Hi,
I am working on a 3D app that is CAD-like.
It is windowed and has a single main render viewport.
The OpenGL rendering consists of a mix of DisplayLists, Text, a few immediate commands, and mostly Index/Vertex/Normal/Color arrays.
I have been testing the app on a number of Windows systems, and every one that has an NVidia card is approximately 5x slower rendering the array objects than ATI. The few minor DisplayLists etc. are so few entities that they render blazingly fast on both so I cannot use them as any performance guideline.
An example, if I render an array object of 64k indexes + vertex/normal/color data, it will take approximately 1ms on systems with ATI and 5ms on systems with NVidia, this is totally consistent on every system I have tested.
If I add a second array object, I get approximately 2x the render time or 10ms on NVidia and 2ms on ATI.
If I add a third array object, I get approximately 3x on both (15ms NV, 3ms ATI).
The index/vertex/normal/color arrays are very well layed out and optimized. Even if they were a mess so that vertex-cache misses occurred there shouldn’t be such as discrepancy between NVidia and ATI.
The arrays are managed and sent individually to the GPU because I need easy modification of their data CPU-side. FYI I did try interleaving the arrays to send a single array to OpenGL and it made no difference on the NVidia performance issue.

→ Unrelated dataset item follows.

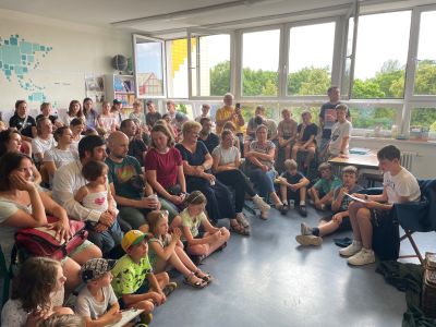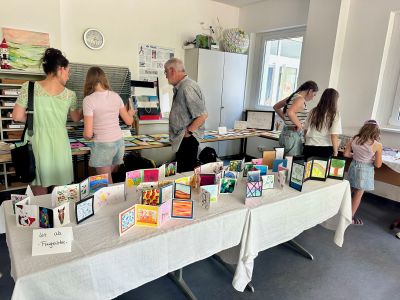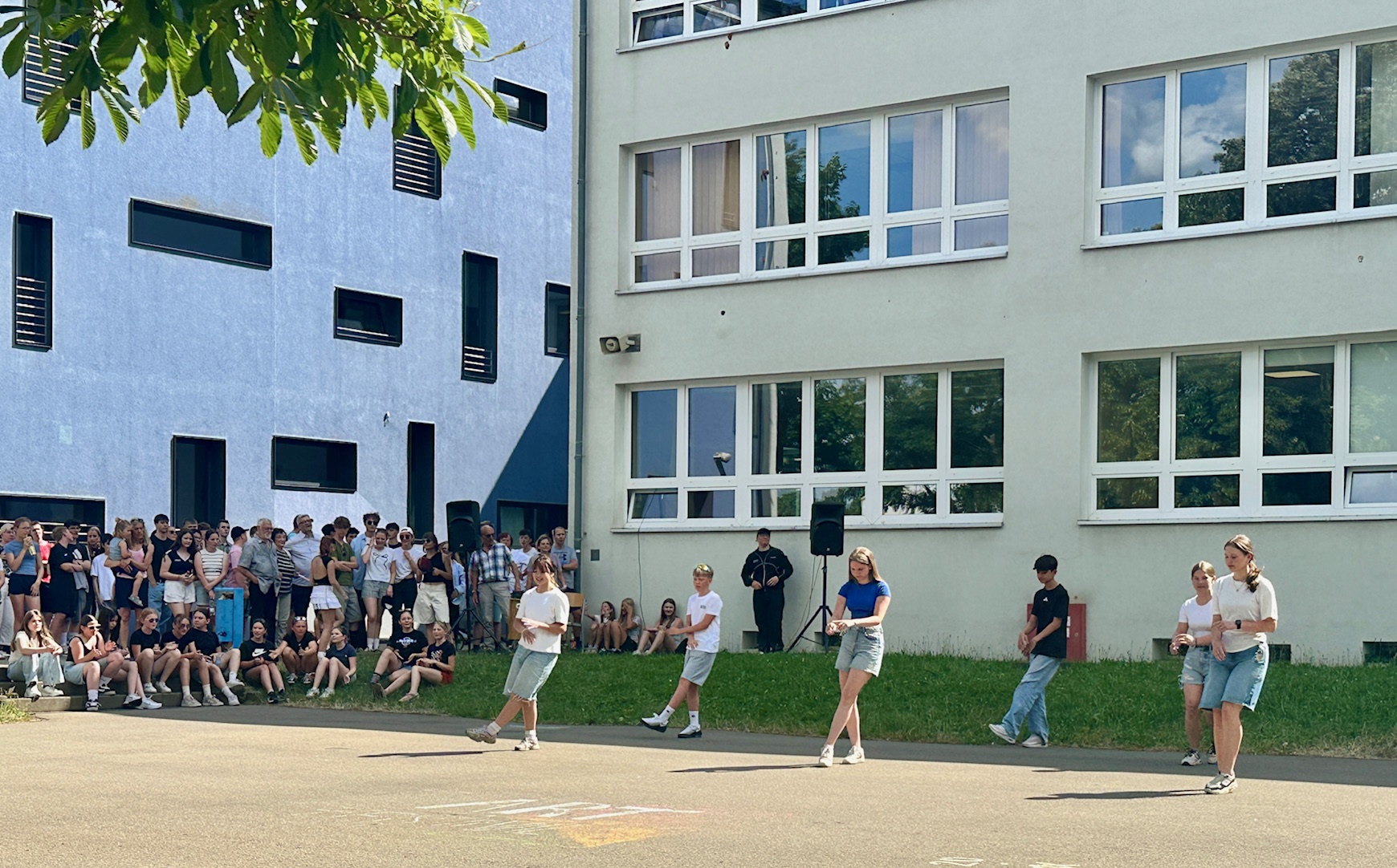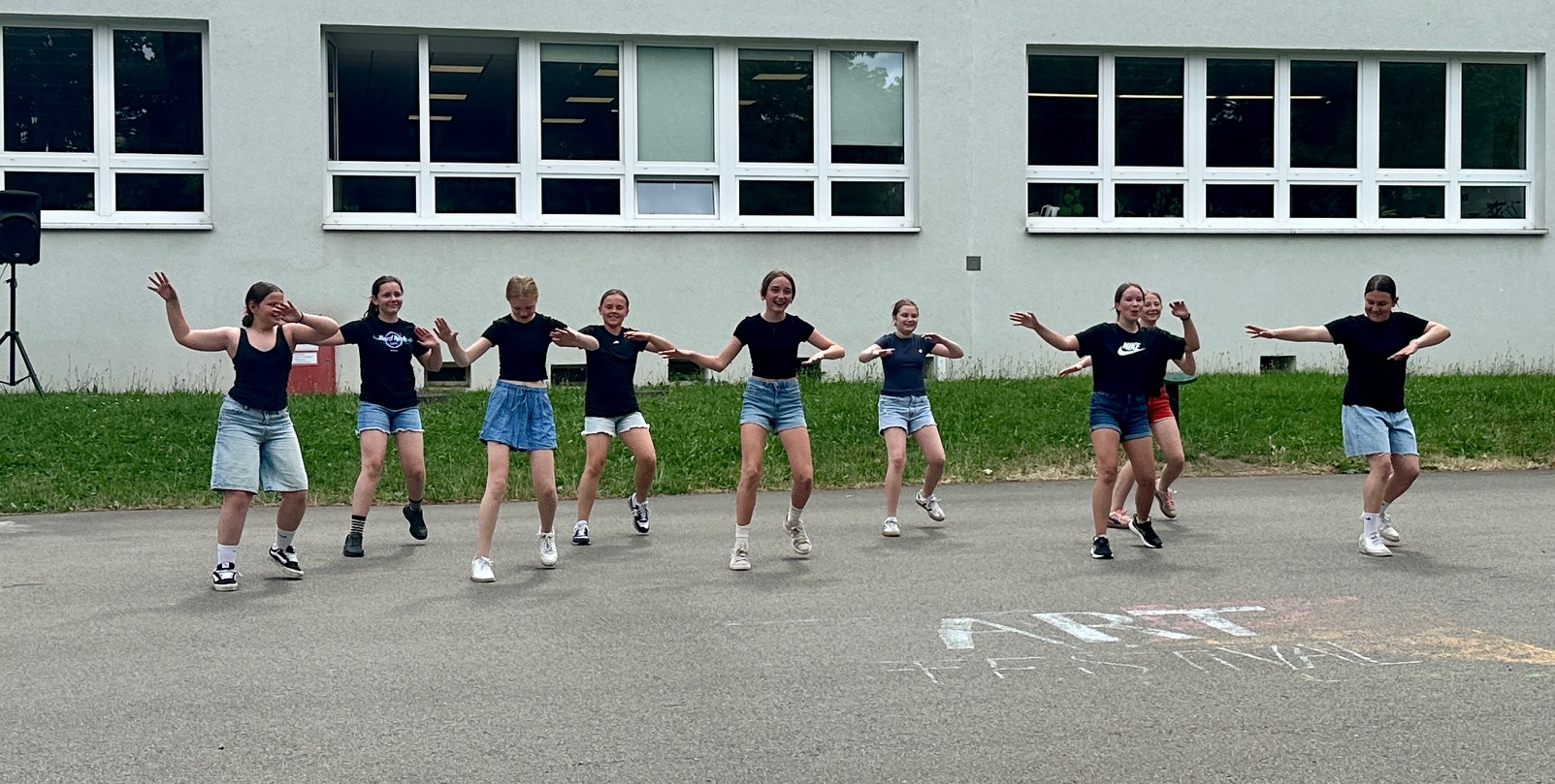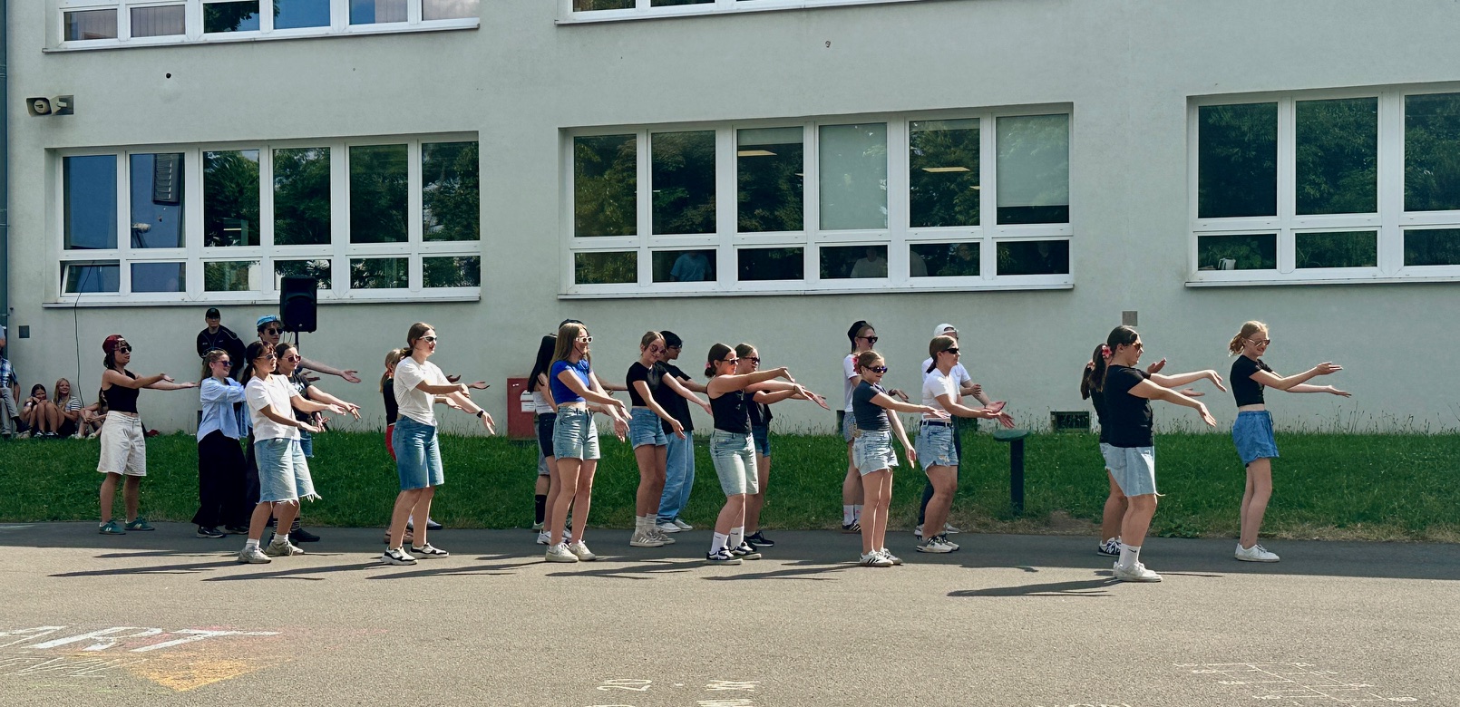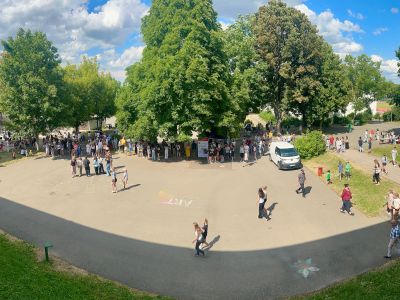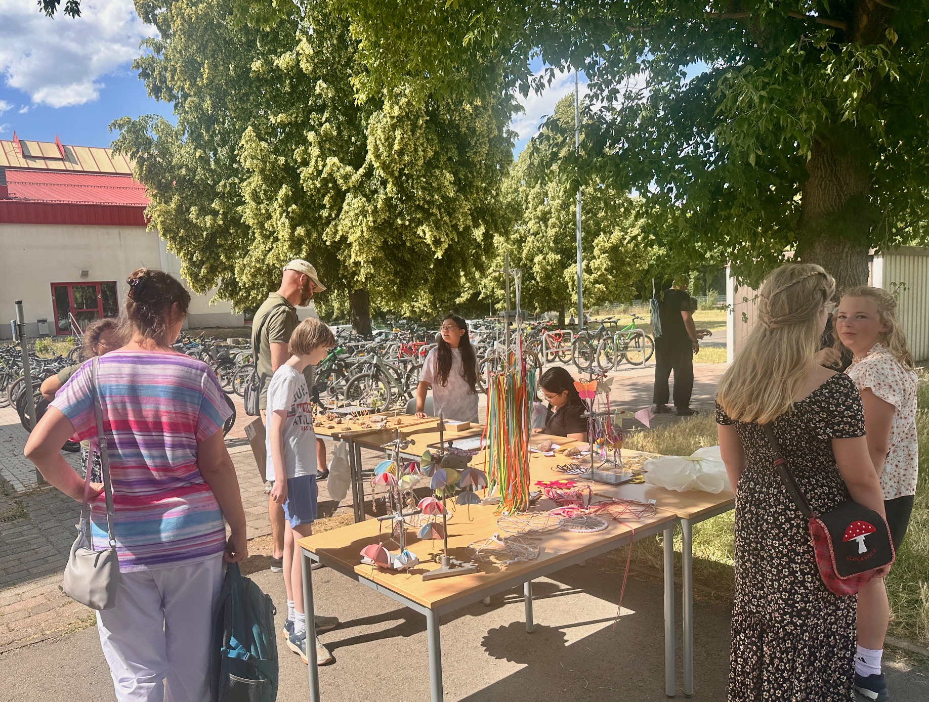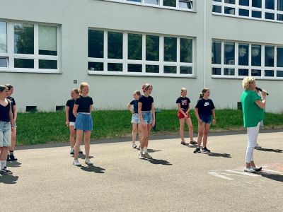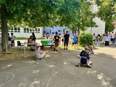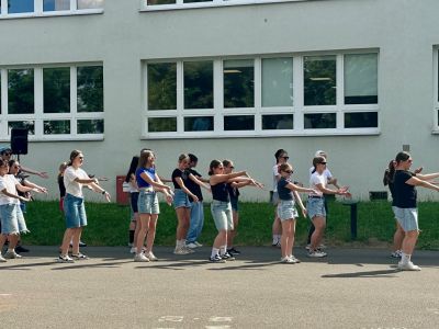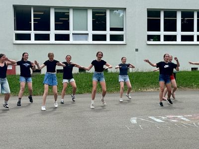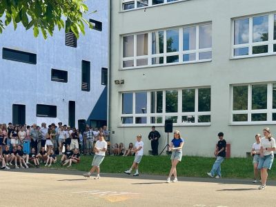 Am Donnerstagnachmittag, dem 26.06.2025 war dann der krönende Abschluss der Projektwoche: das Schulfest. Das Wetter war uns fast die ganze Zeit hold und so wurde der Schulhof zum Treffpunkt für die ganze Schulgemeinschaft. Es gab eine Zumba-Performance, die richtig Stimmung machte, gefolgt von zwei Mitmach-Tanzrunden, bei denen viele Schülerinnen und Schüler spontan mit einstiegen. In der Turnhalle zeigten die Akrobatik-Gruppen ihr Können, es wurden eigene Sagen vorgelesen, und in vielen weiteren Ständen und Räumen im Schulhaus konnte man alle Ergebnisse der Projektwoche bestaunen – von Kunstwerken über Informationsstände bis hin zu kreativen Handarbeiten.

The overall performance on all systems improved by about 5%.
This performance difference occurs on all systems I have tested, which are numerous Core2Duo, Core2Quad, i3, i5, all around the 3GHz range; Windows XP Pro, Windows Vista x64, Windows 7 x64; and NVidia 8800GTS, GTX275, and ATI HD3870, HD4870, HD6870 video.
It isn’t v-sync or flush issues, I’ve already tried that, plus the render speed drop occurs pretty much constant as each additional array object is added to the render loop, which can only mean that the performance issue is with the NVidia’s handling of the arrays.
Any ideas?